The figures reported in the section Türkiye do not include the impact of the application of IAS 29 - Financial Reporting for Hyperinflationary Economies.

Nordic and Baltic

(EUR’000)

1st Quarter 2023

1st Quarter 2022

Change %

Revenue from sales

164,129

162,000

1.3%

Denmark

123,472

109,048

13.2%

Norway / Sweden

40,573

50,683

-19.9%

Other (1)

17,178

15,503

10.8%

Eliminations

(17,094)

(13,234)

 

EBITDA

41,368

28,840

43.4%

Denmark

39,729

24,561

61.8%

Norway / Sweden

667

4,163

-84.0%

Other (1)

972

116

n.m.

EBITDA Margin %

25.2%

17.8%

 

Investments

22,281

10,809

 

(1)    Iceland, Poland and white cement operating activities in Belgium and France

 

Denmark
In the first quarter of 2023, sales revenues reached EUR 123.5 million, an increase of 13.2% compared to EUR 109 million in the first quarter of 2022.

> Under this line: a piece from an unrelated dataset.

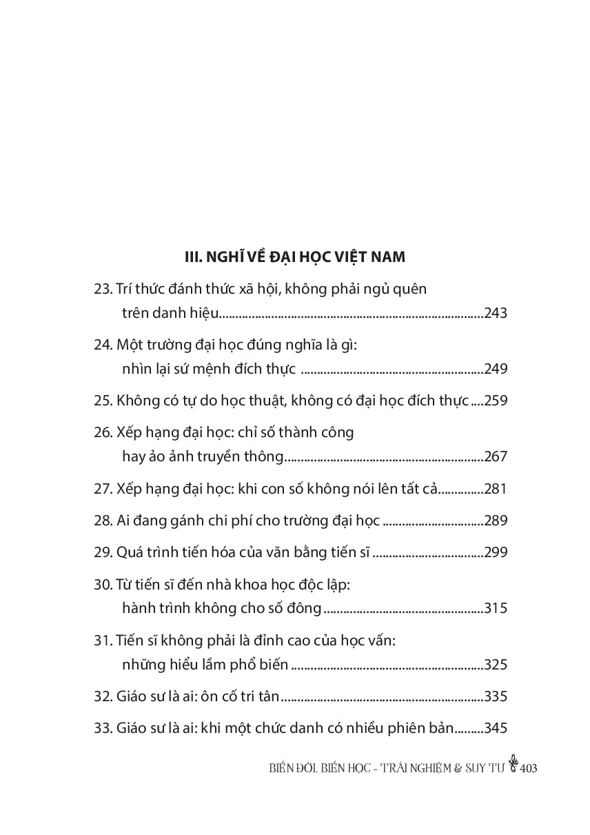 Tôi đặt ra những câu hỏi nền tảng: Sứ mệnh thực sự của một trường đại học là gì, tự do học thuật có ảnh hưởng như thế nào đến việc kiến tạo tri thức mới, xếp hạng đại học có ý nghĩa ra sao đối với Việt Nam. Tôi phân tích cấu trúc đào tạo tiến sĩ, những thách thức trong quá trình chuyển đổi từ nghiên cứu sinh thành nhà khoa học độc lập, và những hiểu lầm phổ biến về danh hiệu “giáo sư”. Phần này kết thúc bằng những để xuất cải cách trong quá trình bổ nhiệm giáo sư, nhằm đưa ra những góc nhìn về cách mà hệ thống giáo dục đại học Việt Nam có thể phát triển để đạt tiêu chuẩn quốc tế.

The volumes of cement on the domestic market, both grey and white, were lower than in 2022, influenced by a generalized slowdown in demand and by unfavorable weather conditions. High inflation and the increase in interest rates adversely affected the residential sector and investments in public works. 
Exports also declined due to lower deliveries to Germany, Poland and France, partially offset by higher deliveries to Norway and the Faroe Islands.

In Denmark, both ready-mixed concrete and aggregate volumes decreased compared to the corresponding quarter of 2022 due to weak demand, a colder winter and the temporary closure of a quarry, which only reopened in March 2023.

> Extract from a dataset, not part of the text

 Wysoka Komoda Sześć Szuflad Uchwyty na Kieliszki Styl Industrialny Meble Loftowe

Thanks to careful management of energy costs and sales prices, EBITDA in the first quarter of 2022 amounted to EUR 39.7 million (EUR 24.6 million in 2022), up 61.8%, with profitability returning to average pre-Covid levels.

Norway and Sweden 
In Norway, ready-mixed concrete sales volumes decreased compared to the same period last year due to the slowdown in residential and commercial demand, adverse weather conditions and the delayed start-up of some major infrastructure projects.
It should be noted that the Norwegian krone depreciated by 10.7% against the average euro exchange rate in the same quarter of 2022.

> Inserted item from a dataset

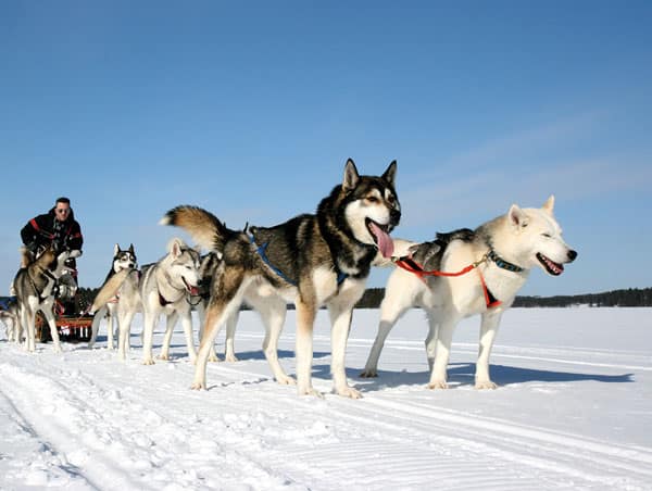 Viele spannende Aktivitäten in der atemberaubenden finnischen Winterlandschaft, wie z.B. Schneeschuh Wanderungen, Schneemobil und Husky Safari Touren.

In Sweden, the volumes of ready-mixed concrete and aggregates decreased significantly compared to the previous year, due to the general decline in demand mainly caused by the impact of higher interest rates on the residential market.
The Swedish krona depreciated by 6.9% against the average euro exchange rate in the first quarter of 2022.

In the first quarter of 2023, sales revenue in Norway and Sweden decreased by 19.9% to EUR 40.6 million compared to EUR 50.7 million in the first quarter of 2022, while EBITDA decreased by 84% to EUR 0.7 million (EUR 4.2 million in the same period of 2022). The decrease in EBITDA in both Norway and Sweden was mainly due to lower sales volumes and higher production costs.

Belgium 

(EUR’000)

1st Quarter 2023

1st Quarter 2022

Change %

Revenue from sales

90,582

76,076

19.1%

EBITDA

21,208

15,967

32.8%

EBITDA Margin %

23.4%

21.0%

 

Investments

8,364

2,476

 

 

In the first quarter of 2023, cement sales volumes in Belgium and the Netherlands declined compared to 2022, while they remained stable in France. The contraction in demand was due to both adverse weather conditions and a slowdown in construction activity linked to a more restrictive monetary policy, resulting in reduced demand for mortgages and real estate financing. 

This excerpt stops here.